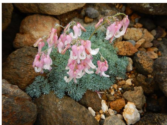
コマクサがまだ頑張って咲いていました。
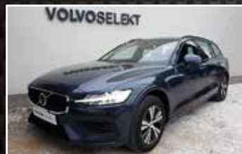
VOLVO V60 D3 150 CH GEARTRONIC 8 MOMENTUM, 05/2019, 10 259 km, Diesel
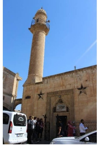
Şekil 8: Kasım Tuğmaner Camii

Minare helezon motiflerle bezenmiştir. Artuklu etkileri mevcuttur. Bu camii eski bir kilisenin temeli üzerine kurulmuştur.
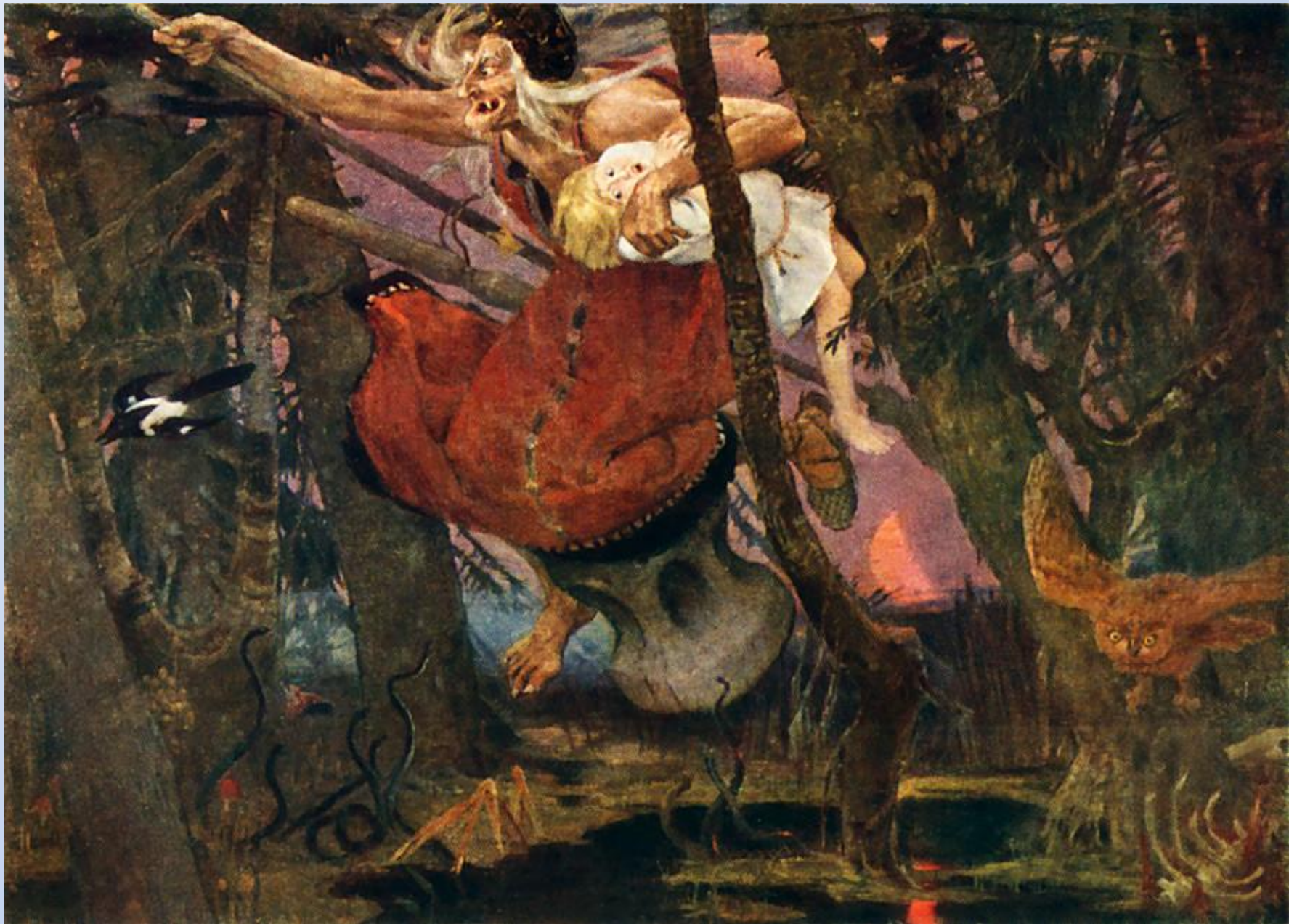
Виктор Васнецов. Баба-яга. 1917 Государственная Третьяковская галерея, Москва
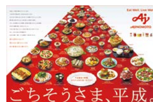
「ごちそうさま、平成。」

製品コミュニケーションでは、多様化する生活者の動線に合わせたメディア活用、クリエイティブ制作に努め、伸長するデジタル化への対応力を高め、テレビほか既存各媒体と組み合わせた統合コミュニケーションを推進している。特にマーケティング戦略に基づくプランニング等の強化や広告の編集記事化、営業活動とのさらなる連動により生活者への浸透に注力した。シニア(BS放送での健康に配慮した製品CM等)や若年層・ティーン層(中学生から大学生、スマートフォン広告やWebでの料理の作り方動画等)といったこれまであまり広告の中心対象としてこなかった年齢層へのアプローチも開始し、対象を広げた。広告内容においては、「おいしさNo.1」を伝えるシズル表現 4 を強化し購買意欲を促進した。また、共食・野菜摂取・簡便性といった社会課題を取り込み、これを解決する商品として提示することでファン拡大を図っている。
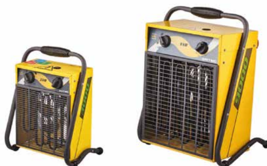
BHP-M / 5 / 9 / 15
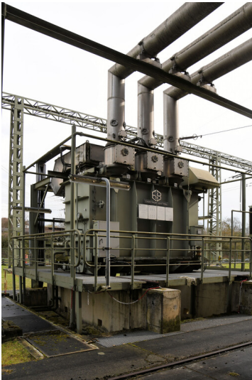
Kraftwerk Frimmersdorf II: Eigenbedarfstransformator der Anfahr-Anlage 1, Ansicht von Norden; Foto: 21.03.2023
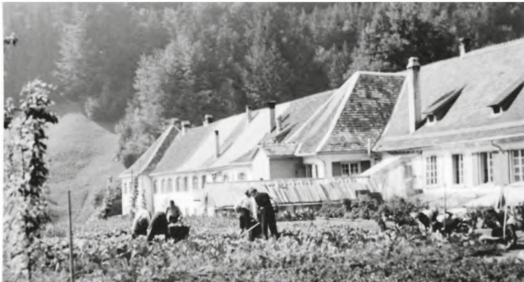
Abb. 13: Auf den Tisch in St. Iddazell kam hauptsächlich Gemüse aus der eigenen Gärtnerei. In der Aufnahme von 1939 sind Personen bei der Arbeit und das Treibhaus vor dem alten Wirtschaftsstrakt zu sehen. Zur Anstalt gehörten weitere Betriebe, die durch Verkauf der Produkte zum Unterhalt sowie zur Selbstversorgung beitrugen. Neben landwirtschaftlichen Produkten wie Milch war dies vor allem auch Holz aus den anstaltseigenen Wäldern.

nannte Schwererziehbare, was für die Neuausrichtung des Kinderheims St. Iddazell in den 1960er-Jahren mitentscheidend gewesen sein dürfte. 243
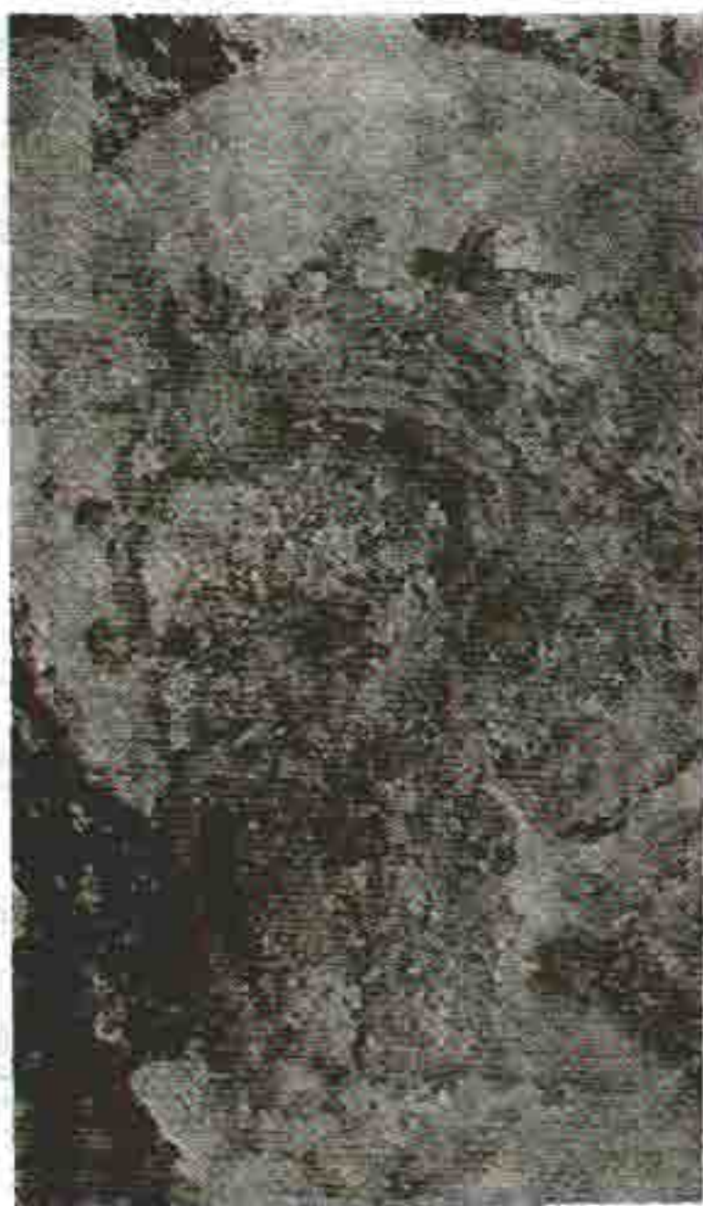
Sl. 4. Lik apostola u crkvi sv. Mihaila u Kotoru

koju deceniju, te bi se prema tome slikarstvo u crkvi sv. Mihaila moglo smjestiti u četvrtu ili petu deceniju XV vijeka. Takvu hronologiju potkrepljuju i neki ikonološki momenti prisutni u živopisu Sv. Mihaila, prije svega zagonetni prorok, kojega identifikujemo kao Danila.
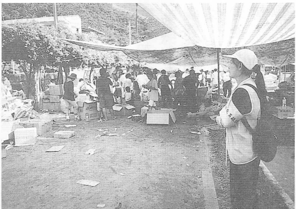
△光輝道院與「文化社區環境組織」合作，深入角落關懷。
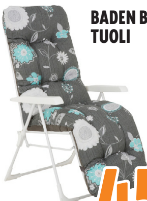
BADEN BADEN TUOLI
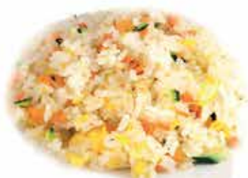
171. Riso saltato alle verdure € 5,00
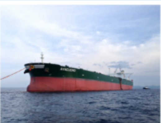
Barril de crudo venezolano se desploma a $40,24
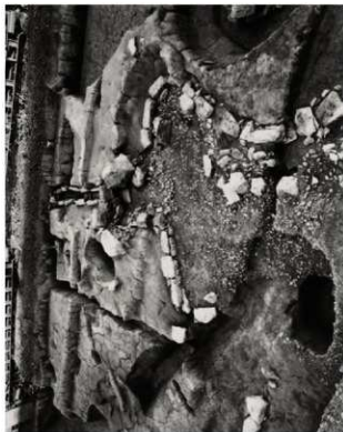
(2) FKJ06-2 北 池② (西)
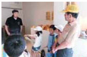
丹波いきいき学校応援団(指宿市) (町たんけん(探検)の引率)

南薩地域においても、管内のすべての市に地域本部が設置され、登録されたボランティアの方々が学校支援活動に取り組まれており、学校を地域全体で盛り上げようとする気運が高まりつつあります。
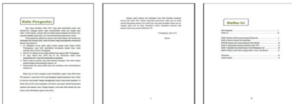
Gambar 4.3 Tampilan Bagian Awal Bahan Ajar Kelas VIII
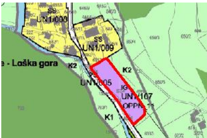
Slika 1: Z rdečo obrobo prikazano območje, ki je predmet spremembe SD OPN
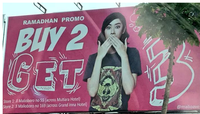
Gambar 1. Penggunaan ilustrasi dalam pada produk kaos yang mirip dengan lambang keraton Yogyakarta dalam publikasi di media luar ruang Sumber: https://twitter.com/GKRHayu/status/1013689296102948865

Topik penelitian tentang lambang keraton Yogyakarta ini berangkat dari adanya pemberitaan di media online twitter yang sempat menyita perhatian publik tentang persoalan penggunaan lambang keraton oleh masyarakat ternyata menuai kritik dari pemangku keraton Yogyakarta dan juga masyarakat itu sendiri. Gambar 1 menampilkan penggunaan ilustrasi dalam pada produk kaos yang mirip dengan lambang keraton Yogyakarta dalam publikasi di media luar ruang.
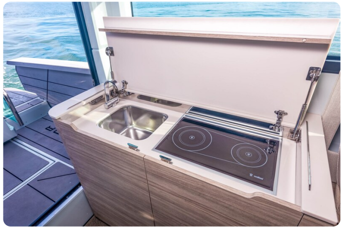
Saxdor 320 GTC galley
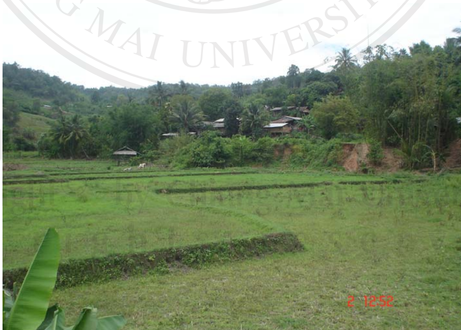
การตั้งบ้านเรือนของหมู่บ้าน
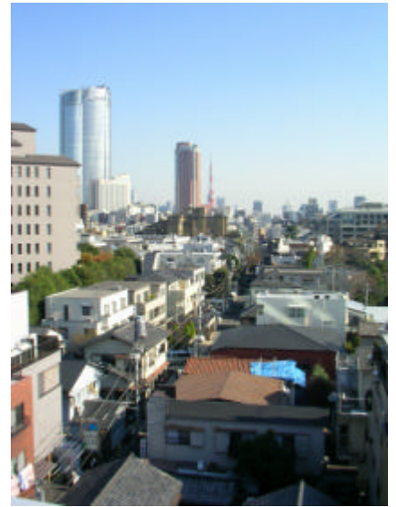
計画地からは六本木ヒルズと東京タワーが見える
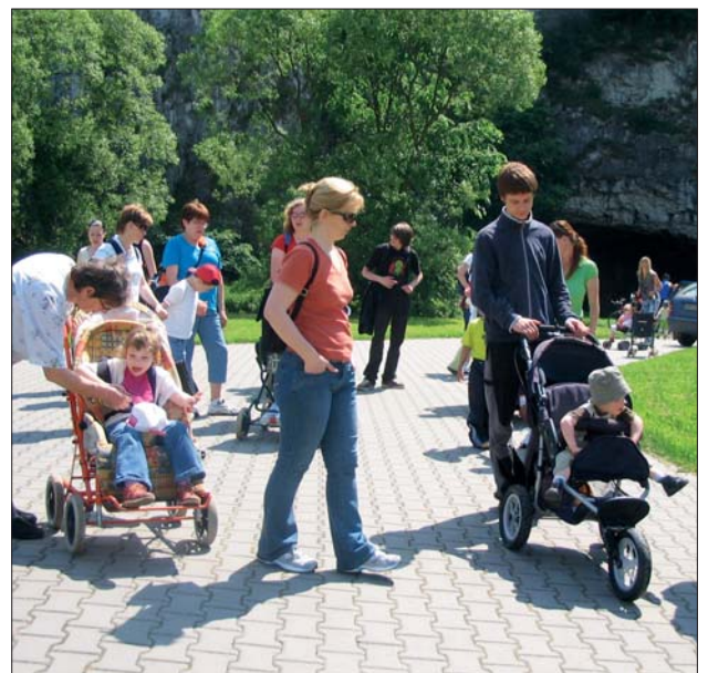
Děti z domova LILA na výletě ve Sloupu
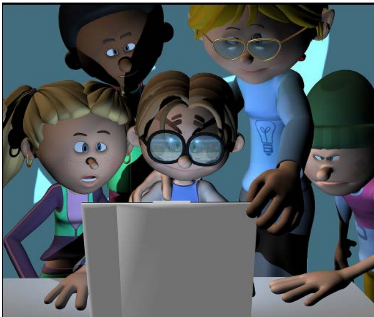
Imagen de Cede_ite. Licencia CC BY-SA 2.0

¿Son todos los alumnos iguales? Si os hicieran esta pregunta seguramente vuestra respuesta sería que no. En este apartado vamos a estudiar los tipos de alumnos que nos encontramos en e-Learning. Para tal clasificación tomaremos como referente el tipo de participación que tienen en los foros de discusión dentro de un curso de e-Learning.
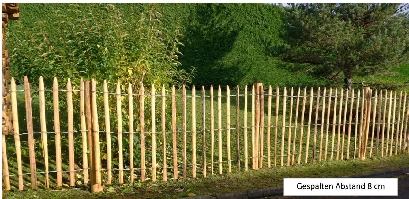
Gespalten Abstand 8 cm
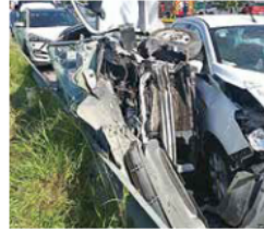
ENCONTRONAZO. El accidente se reportó hacia las 9:40 horas.

Los servicios de emergencia habían recibido reportes del siniestro hacia las 9:40 horas, indicando que había una volcadura con incendio en la zona de Concenro, pero los bomberos de Zapopan
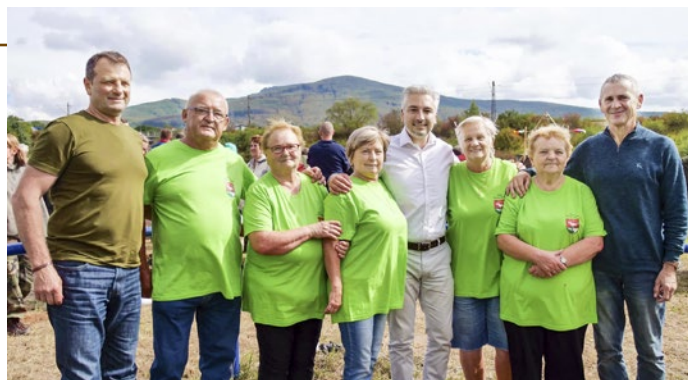
Organizačný tím pripravil občerstvenie na baloch zo slamy

Slovo dalo slovo, s vedením Asociácie furmanov Slovenska (AFuS) dohodli termín 10. september a s dobrovoľníkmi pripravili všetko potrebné – drevo, ohrady, rampu, ceny pre furmanov, ovos a vodu pre kone, občerstvenie atď. Nakoniec množstvo divákov obdi-
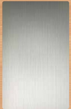
▲ Kleinwelle Edelhstahloptik gebürstet / geprägt Reliefhöhe ca. 1,2 mm
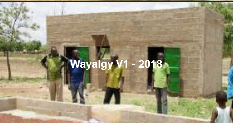
Wayalgy V1 - 2018
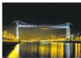
BILBAO New York - Spain Cable Foster & Partners / Foster, 1993
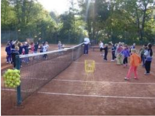
Tennisschule für Anfänger bis Könner beim TCW
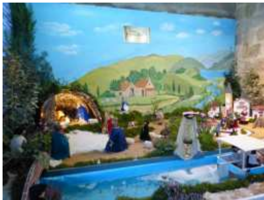
Crèche de Castets Arrouy
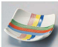
ネ100-069 糸巻き小鉢 11.5×3.8cm (磁) JPN 2,730円

Your assignment =
Could you count how many lines in the records contain the word "publikasi"? Only the number is needed.

Your solution =
2